The following design is implemented: switch Hlr instruction processing task module. Of course, in the subsequent business development process, there may be other types of instructions to handle tasks, so according to the definition of the “open and close” principle, to abstract an interface class: BusinessEvent

/ * * * @ filename: BusinessEvent. Java * * Newland Co., Ltd. All rights reserved. * * @ Description: business event task interface definition * @ the author Tangjie * @ version 1.0 * * / package newlandframework. Batchtask. Model; Public interface BusinessEvent {// Execute specific batch task public int execute(Integer userId); }Copy the code

Then the specific Hlr instruction sending task module HlrBusinessEvent implements the method of this interface class to complete the distribution of Hlr instructions from the user stop and return machine. The code is as follows:

/ * * * @ filename: HlrBusinessEvent. Java * * Newland Co., Ltd. All rights reserved. * * @ Description: Hlr distribute task interface definition * @ the author instructions Tangjie * @ version 1.0 * * / package newlandframework. Batchtask. Model; import org.apache.commons.lang.math.RandomUtils; Public class HlrBusinessEvent implements BusinessEvent {public final static int TASKSUCC public final static int TASKSUCC = 0; public final static int TASKFAIL = 1; private final static int ELAPSETIME = 1000; @override public int execute(Integer userId) {int millis = randomUtils.nextint (ELAPSETIME); Thread.sleep(millis); thread.sleep (millis); String strContent = string. format(" Thread id [%s] userId :[%d] time spent executing switch order :[%d] ms ", thread.currentthread ().getname (), userId, millis); System.out.println(strContent); Return (millis % 2 == 0)?
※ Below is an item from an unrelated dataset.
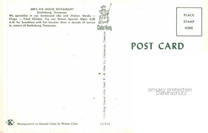 12869870 Gatlinburg Jim’s Rib House Restaurant postalisch nicht gelaufen Erhaltung siehe scans [PaolaD17] KatCode: 14140450000000
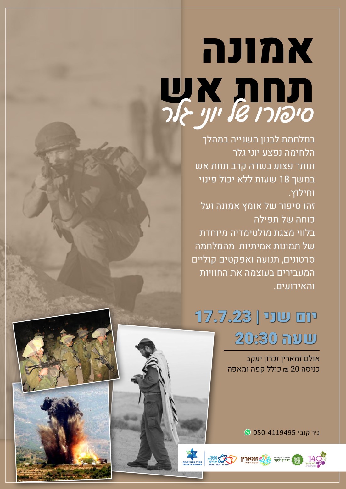 אמונה תחת אש – סיפורו של יוני גלר. במלחמת לבנון השנייה במהלך הלחימה נפצע יוני גלר ונותר פצוע בשדה קרב תחת אש במשך 18 שעות ללא יכול פינוי וחילוץ. זהו סיפור של אומץ אמונה ועל כוחה של תפילה בלווי מצגת מולטימדיה מיוחדת של תמונות אמיתיות מהמלחמה סרטונים, תנועה ואפקטיים קוליים המעבירים בעוצמה את החוויות והאירועים, … המשך קריאת הפוסט אמונה תחת אש

TASKSUCC : TASKFAIL; } catch (InterruptedException e) { e.printStackTrace(); return TASKFAIL; }}}Copy the code

In actual operation, we may need to monitor the length of sending instructions, so we design another one: for the HlrBusinessEvent task module, we embed the Hlr instruction length calculation agent class HlrBusinessEventAdvisor, the specific code is as follows:

/ * * * @ filename: HlrBusinessEventAdvisor. Java * * Newland Co., Ltd. All rights reserved. * * @ the Description: the proxy class * distributed Hlr instruction length calculation @ the author tangjie * @ version 1.0 * * / package newlandframework. Batchtask. Model; import org.aopalliance.intercept.MethodInterceptor; import org.aopalliance.intercept.MethodInvocation; import org.apache.commons.lang.time.StopWatch; public class HlrBusinessEventAdvisor implements MethodInterceptor { public HlrBusinessEventAdvisor() { } @Override Public Object Invoke (MethodInvocation) throws Throwable {// Calculate the command dispatch time StopWatch sw = new StopWatch(); sw.start(); Object obj = invocation.proceed(); sw.stop(); System.out.println(" Time to execute switch order: [" + sw.getTime() + "] ms "); return obj; }}Copy the code

The rest, since we want to do asynchronous parallel computation to get the execution result, we design a: Batch Hlr HlrBusinessEventTask task execution module, it will implement Java. Util. Concurrent. Callable interface method call, it returns an asynchronous task execution results.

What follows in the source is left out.